Answers will vary. Here, the students should state the solutions they are working on — building code changes, laws banning certain activities, public service announcement campaigns or the creation of an emergency management organization. The students may be working on several solutions that can be combined in a proposal.
2. How do your solutions address the possible threats posed by the natural hazard? Note whether they are short-term or long-term strategies.
Answers will vary. A building code change may make structures more resistant to damage, reducing the impact of a hazard. This is a long-term strategy as it would only apply to new construction. Another strategy might be to clear out dead trees and plants in a community at risk of fire or to plant drought-resistant plants whose roots could hold back soil in areas where cycles of drought are followed by heavy rains. These are short-term strategies.

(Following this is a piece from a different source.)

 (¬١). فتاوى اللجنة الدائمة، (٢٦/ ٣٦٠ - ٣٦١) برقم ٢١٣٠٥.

3. What are some of the drawbacks of your solutions?
The answers will vary based on the proposal. For instance, a building code change might only affect new buildings. How would older structures be handled? Cost is a drawback. To cover the costs, expensive changes might require a grant or a tax increase. Some solutions might require a lot of time to implement or may require people to relocate. Recreation, farming and forestry can be affected in areas with a high fire risk.
Presentations and group discussions
Have each group present its proposal to the class. The presentations should last approximately 5 minutes, and students can use PowerPoint or a whiteboard. Allow time for questions from the class.

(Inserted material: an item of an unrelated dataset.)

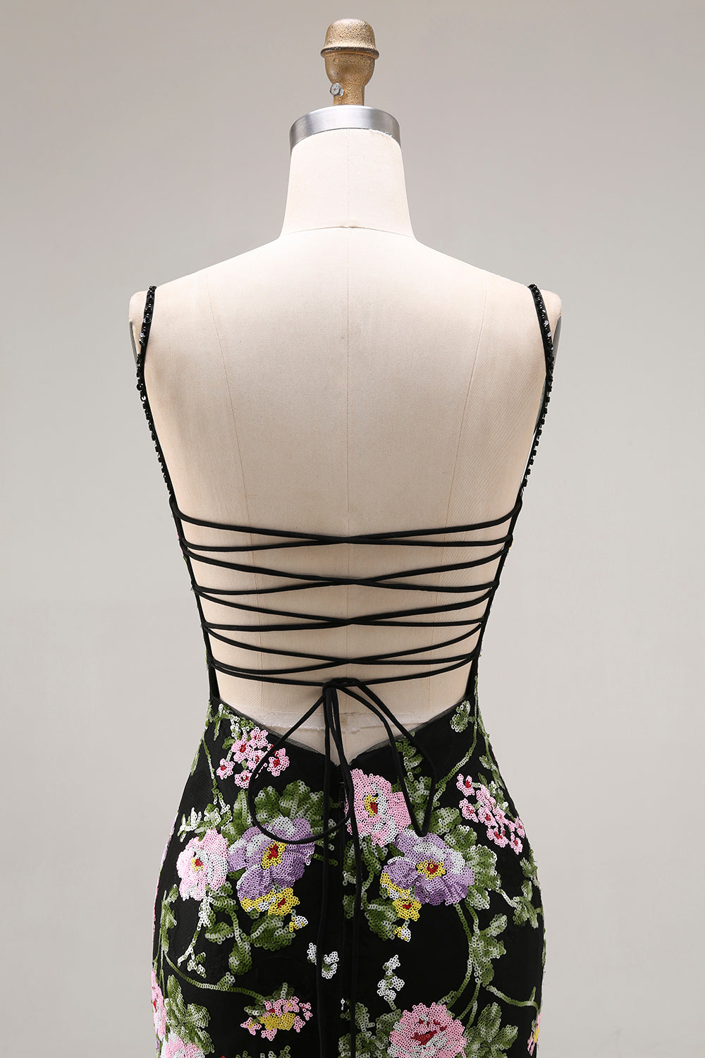 Black Pink Flower Mermaid Ruffled Sequin Long Prom Dress with Lace Up Back

Before the class votes on the best proposal, have the students return to their groups to quickly answer the questions at the end of this section. While students are working in their groups to answer these final questions, walk around and help facilitate their conversations. Use this time to formatively assess group progress. You should hear students discussing their proposals and determining how they align with the overall goal of preventing or mitigating potential disasters.
Here are some questions to ask students to check for understanding. How does your proposal fit in with the other groups’ proposals? Are you considering the information through more than one viewpoint? How can you improve your proposal to make it more effective?
Each group should answer the following questions.
1. How does your group’s proposal compare with those proposed by the other groups?
Our proposal is easier to implement than the proposal by group A and will complement the proposal of group C.
2. What is the most important part of your proposal in terms of preventing disasters? If the disaster cannot be prevented, what is the most important part of your proposal in terms of mitigating the damage from the disaster?
Our proposal focuses on changing building codes to create safer buildings and providing grants to help existing buildings meet the new codes. In the case of a disaster, our proposal creates grants to help people rebuild.
3. Why is it important to collaborate and seek feedback from other groups working toward the same overall goal?
Proposals are strongest when strategies dovetail — or fit together — in complementary ways. Also, because there are so many groups with a stake in the end result, it is important to receive feedback to fix oversights in the proposal.
4. How can your group combine resources and expertise with other groups to most effectively reach the overall goal?
We can structure the proposals to work together. For instance, if our group is focusing on building codes and another group is focusing on public service announcements and zoning restrictions, we can combine the proposals. The public service announcements could be used to educate people about code changes and resources to upgrade homes and businesses. If the building and zoning divisions work together, the community might be better protected from disaster.
When the groups have finished their last assessments, gather the class for any final discussion before holding the vote.